START Records to process

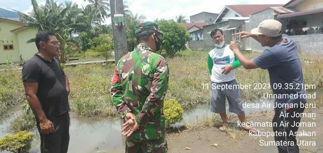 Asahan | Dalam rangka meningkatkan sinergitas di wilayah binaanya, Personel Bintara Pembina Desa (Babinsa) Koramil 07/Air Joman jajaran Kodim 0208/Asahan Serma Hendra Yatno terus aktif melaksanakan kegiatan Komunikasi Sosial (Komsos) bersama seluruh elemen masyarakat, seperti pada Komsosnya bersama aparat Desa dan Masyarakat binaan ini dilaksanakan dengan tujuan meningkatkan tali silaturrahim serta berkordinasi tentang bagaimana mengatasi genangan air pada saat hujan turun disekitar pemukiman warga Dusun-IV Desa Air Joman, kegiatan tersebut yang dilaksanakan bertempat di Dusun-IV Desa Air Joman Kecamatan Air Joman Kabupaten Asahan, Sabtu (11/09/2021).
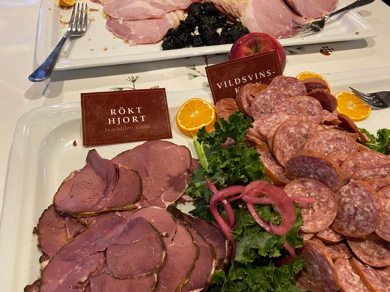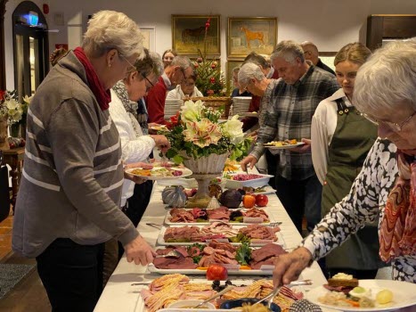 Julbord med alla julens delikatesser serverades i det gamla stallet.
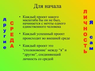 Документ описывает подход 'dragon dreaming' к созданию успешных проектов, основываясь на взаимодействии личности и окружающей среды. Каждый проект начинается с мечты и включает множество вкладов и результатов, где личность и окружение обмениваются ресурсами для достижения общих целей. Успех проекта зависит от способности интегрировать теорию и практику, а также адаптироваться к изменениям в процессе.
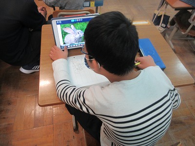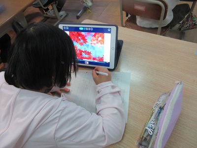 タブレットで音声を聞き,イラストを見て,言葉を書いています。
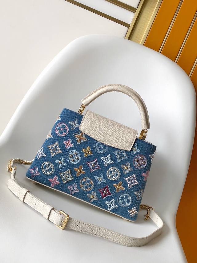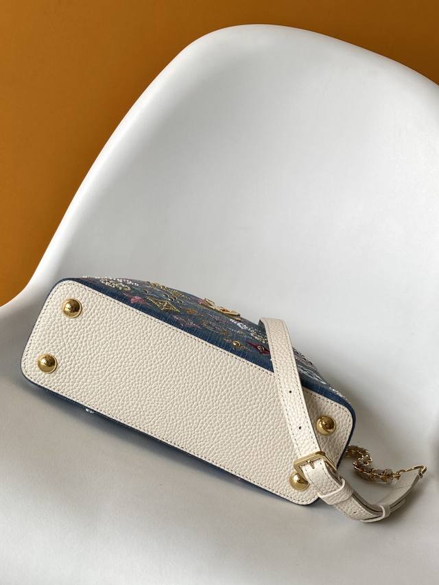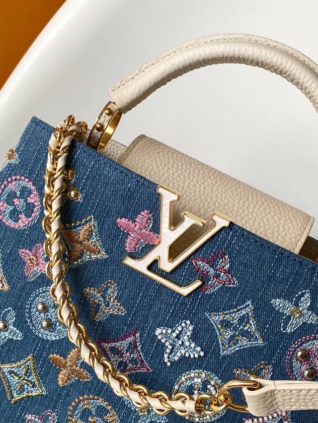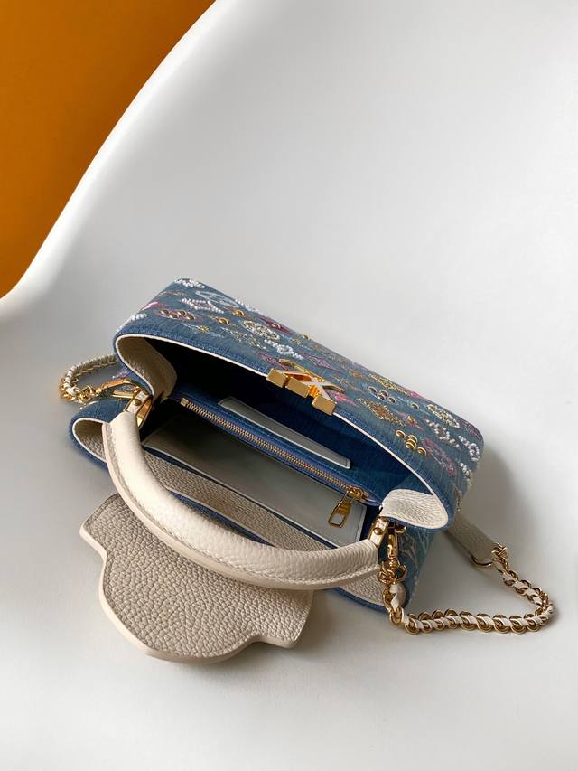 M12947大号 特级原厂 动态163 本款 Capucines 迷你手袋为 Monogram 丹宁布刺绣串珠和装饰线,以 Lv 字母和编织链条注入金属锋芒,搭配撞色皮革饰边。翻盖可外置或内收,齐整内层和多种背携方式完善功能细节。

END Records to process

Your task –
Retype every entry above exactly, leaving out the pictures.

Finished task –
 Asahan | Dalam rangka meningkatkan sinergitas di wilayah binaanya, Personel Bintara Pembina Desa (Babinsa) Koramil 07/Air Joman jajaran Kodim 0208/Asahan Serma Hendra Yatno terus aktif melaksanakan kegiatan Komunikasi Sosial (Komsos) bersama seluruh elemen masyarakat, seperti pada Komsosnya bersama aparat Desa dan Masyarakat binaan ini dilaksanakan dengan tujuan meningkatkan tali silaturrahim serta berkordinasi tentang bagaimana mengatasi genangan air pada saat hujan turun disekitar pemukiman warga Dusun-IV Desa Air Joman, kegiatan tersebut yang dilaksanakan bertempat di Dusun-IV Desa Air Joman Kecamatan Air Joman Kabupaten Asahan, Sabtu (11/09/2021).
 Julbord med alla julens delikatesser serverades i det gamla stallet.
 Документ описывает подход 'dragon dreaming' к созданию успешных проектов, основываясь на взаимодействии личности и окружающей среды. Каждый проект начинается с мечты и включает множество вкладов и результатов, где личность и окружение обмениваются ресурсами для достижения общих целей. Успех проекта зависит от способности интегрировать теорию и практику, а также адаптироваться к изменениям в процессе.
 タブレットで音声を聞き,イラストを見て,言葉を書いています。
 M12947大号 特级原厂 动态163 本款 Capucines 迷你手袋为 Monogram 丹宁布刺绣串珠和装饰线,以 Lv 字母和编织链条注入金属锋芒,搭配撞色皮革饰边。翻盖可外置或内收,齐整内层和多种背携方式完善功能细节。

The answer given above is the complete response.